El konulan Matosyan Matbaası
“Karşımda Pembe Konak. Odamdan seyrediyorum. Hüzünlü bir manzara! 19. yüzyılından kalma ahşap, üç katlı konak. Metruk! Kendi kaderiyle baş başa bırakılmış, her yanı dökülüyor. Matosyan Matbaası! Bir Ermeni işadamının matbaasına el konup Atatürk'ün emriyle Yunus Nadi'ye verilmiş. Bu konu Cumhuriyet'ten hoşlanmayan çevrelerde arada bir gündeme getirilirdi.”

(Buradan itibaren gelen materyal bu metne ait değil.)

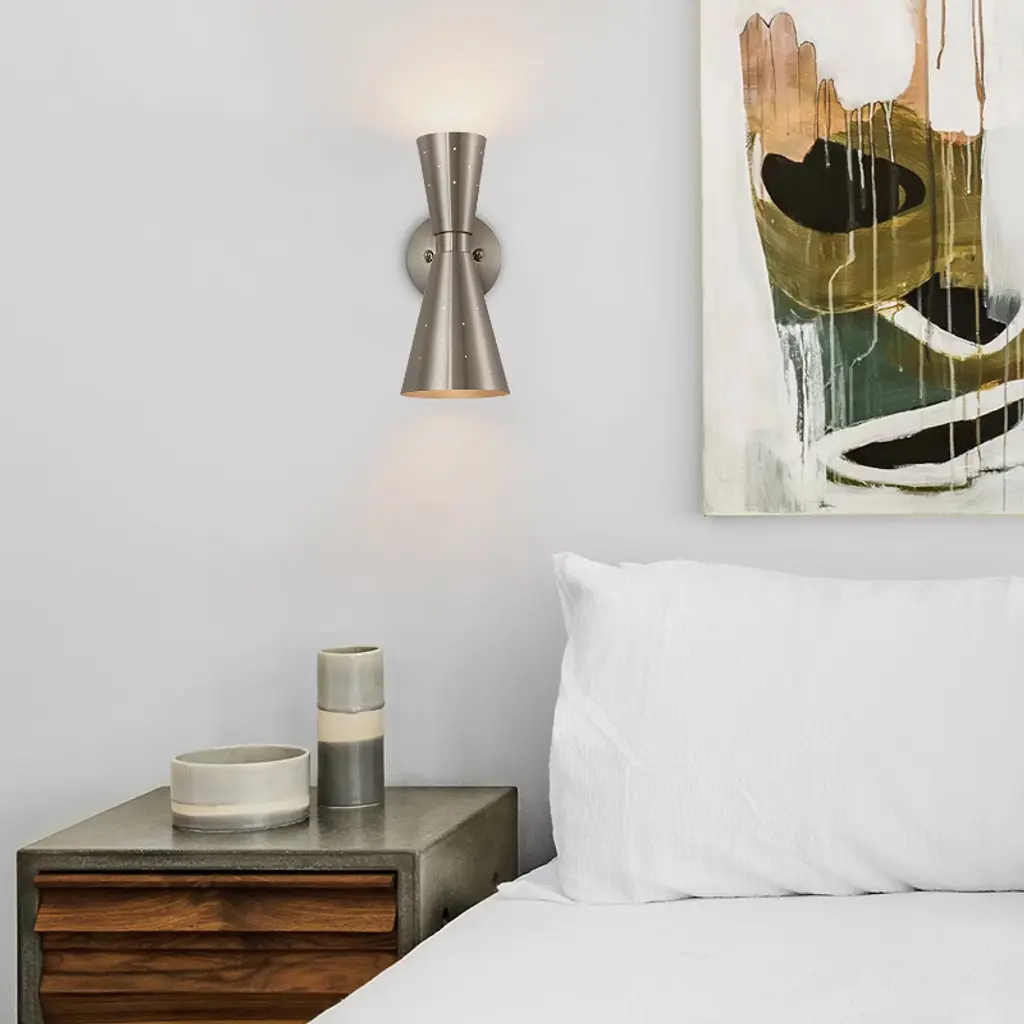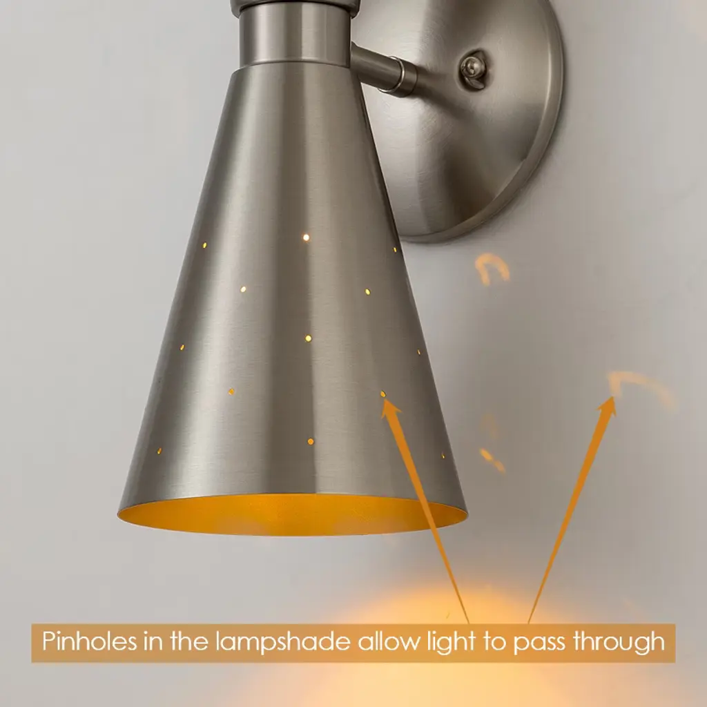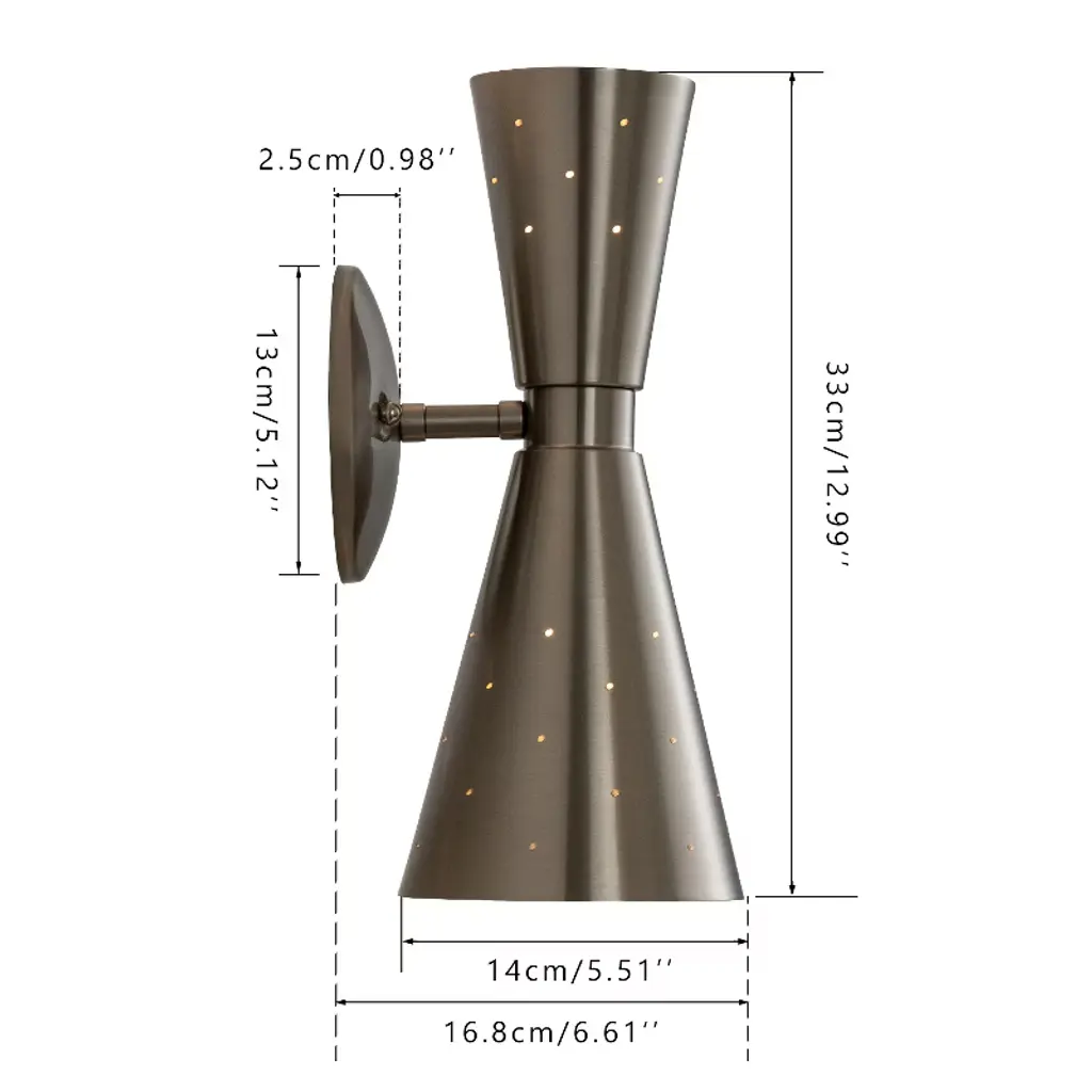 Add a stylish touch to your space with this 13" modern wall sconce, featuring a unique asymmetrical hourglass silhouette and pinhole perforations that not only enhance the aesthetic with light leakage but also aid in heat dissipation. Perfect for bathrooms or bedrooms, this mid-century wall light uses E12 bulbs (not included) to highlight its striking design. Available in brass and black finishes, pair it with a medieval-style vanity mirror for a cohesive, sophisticated look.

‘Cengiz Çandar için 'şeker abiler’ ne diyor?'
“(...) Cengiz Çandar kardeşim ipi geriyor bugünlerde. Gitmiş Nokta dergisine bir demeç vermiş. ‘Türkiye, ikinci İran olabilir mi?' sorusuna cevap verirken bizimkilerin damarına basacağını bilerek çok iyi konuşmuş. Cengiz'in bu sözleri bizimkileri delirtti. Ali, Uğur, Akbal hepsi ayaklandı. Uğur, 'Bir yazı yazıp ağzına edecektim ama...' dedi. Teskin ettim. Nadir Bey bir iki gün önce Cengiz'i kapıya koymaktan söz etti. (...) İlhan Selçuk'a gelince: ‘Bilirsin, Cengiz'in ayrı bir yeri var bende. Ama kendisi şöhretini taşıyamaz oldu. Bu 12 Mart kuşağında hiç işi yok.' Son cümlesi hariç, doğru. (...) Cengiz Çandar'ın Nokta dergisinde bizimkilere 'ilerici safdiller' diye saldırması, Ali Sirmen'e 'saray soytarısı' demesi, Ali Sirmen'in de ona yazısında 'dangalak' diye saldırması... Bütün bunlar aynı kapta tutulabilir mi?”
Özal: İhale alamayınca aleyhimize haber yapıyorlar
“Başbakan Özal ile Güney Kore'ye giderken, uçakta Yalçın Doğan'ı yanına çağırmış. Babıali'de ne olup bittiğini sormuş. O günlerde Mehmet Barlas, cümbür cemaat Milliyet'ten ayrılıp Güneş'e geçmişti. Sonra da Yalçın'a demiş ki: İyi ettin Güneş'e geçmemekle... Siz sadece gazetecilik yapıyorsunuz. Güneş'te yazamazdın. İhale alamayınca hemen aleyhimize bir haber çıkıyor. Sonra da dolaylı yollardan haber gönderiyorlar.”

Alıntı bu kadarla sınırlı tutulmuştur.